Motivation
Data scientists and analysts often need to guide their topic modeling process with domain knowledge or specific themes they want to extract, but traditional topic modeling approaches don’t allow for this kind of control over the generated topics.
Introduction to BERTopic
Topic modeling is a text mining technique that discovers abstract topics in a collection of documents. It helps in organizing, searching, and understanding large volumes of text data by finding common themes or patterns.
BERTopic is a topic modeling library that leverages BERT embeddings and c-TF-IDF to create easily interpretable topics. You can install it using pip:
pip install bertopic
As covered in BERTopic: Harnessing BERT for Interpretable Topic Modeling, the library provides powerful topic visualization and automatic topic discovery. In this post, we will cover guided topic modeling.
Guided Topic Modeling with Seed Words
Seed words are predefined sets of words that represent themes or topics you expect or want to find in your documents. BERTopic allows you to guide the topic modeling process using these seed words.
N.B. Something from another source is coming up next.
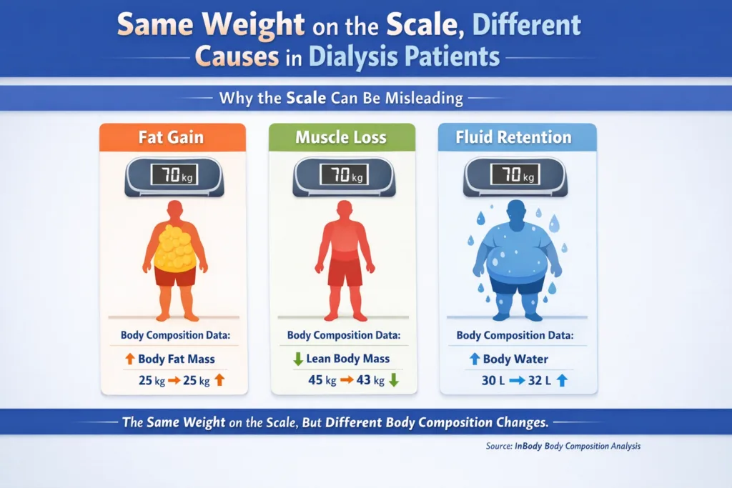 A dialysis patient who gains 2 kg of adipose tissue over 6 months while losing 1.5 kg of skeletal muscle, common in dialysis-related sarcopenia, may appear at their dry weight by scale measurement while carrying significant hidden fluid overload. Their weight has changed, body composition has deteriorated. Their dry weight target is wrong. And without direct body composition measurement, no one knows.

By providing seed words, you can:
- Direct the model towards specific themes of interest
- Incorporate domain expertise into the topic discovery process
- Ensure certain important themes are captured
Here’s how to implement guided topic modeling with seed words:
from bertopic import BERTopic
from sklearn.datasets import fetch_20newsgroups
# Load example data
docs = fetch_20newsgroups(subset='all', remove=('headers', 'footers', 'quotes'))['data']
# Define seed topics with related words for each theme
seed_topic_list = [
["drug", "cancer", "drugs", "doctor"], # Medical theme
["windows", "drive", "dos", "file"], # Computer theme
["space", "launch", "orbit", "lunar"] # Space theme
]
# Create and train the model with seed topics
topic_model = BERTopic(seed_topic_list=seed_topic_list)
topics, probs = topic_model.fit_transform(docs)
Let’s examine how the model processes these seed words and discovers topics:
# Examine discovered topics
print("\nFirst topic (Sports):")
print(topic_model.get_topic(0))
print("\nSecond topic (Cryptography):")
print(topic_model.get_topic(1))
print("\nFifth topic (Space Exploration):")
print(topic_model.get_topic(4))
Output:
First topic (Sports):
[('game', 0.010652), ('team', 0.009260), ('games', 0.007348),
('he', 0.007269), ('players', 0.006459), ('season', 0.006363),
('hockey', 0.006247), ('play', 0.005889), ('25', 0.005802),
('year', 0.005770)]
Second topic (Cryptography):
[('key', 0.015048), ('clipper', 0.012965), ('chip', 0.012280),
('encryption', 0.011336), ('keys', 0.010264), ('escrow', 0.008797),
('government', 0.007993), ('nsa', 0.007754), ('algorithm', 0.007132),
('be', 0.006736)]
Fifth topic (Space Exploration):
[('space', 0.019632), ('launch', 0.016378), ('orbit', 0.010814),
('lunar', 0.010734), ('moon', 0.008701), ('nasa', 0.007899),
('shuttle', 0.006732), ('mission', 0.006472), ('earth', 0.006001),
('station', 0.005720)]
The results show how seed words influence topic discovery:
- Seed Word Integration: In Topic 5, space-related seed words (‘space’, ‘launch’, ‘orbit’, ‘lunar’) have high weights. The model expands on these words to include related terms like ‘shuttle’, ‘mission’, and ‘station’.
- Natural Topic Discovery: The model discovers prominent topics like sports (Topic 0) and cryptography (Topic 1), despite being seeded with medical and computer themes. This shows that seed words guide the model without constraining it.
Conclusion
Guided topic modeling with seed words in BERTopic offers a powerful way to balance user expertise with automated topic discovery. While seed words help direct the model toward specific themes of interest, the model maintains the flexibility to discover other important topics and expand the seed topics with related terms, resulting in a more comprehensive and nuanced topic analysis.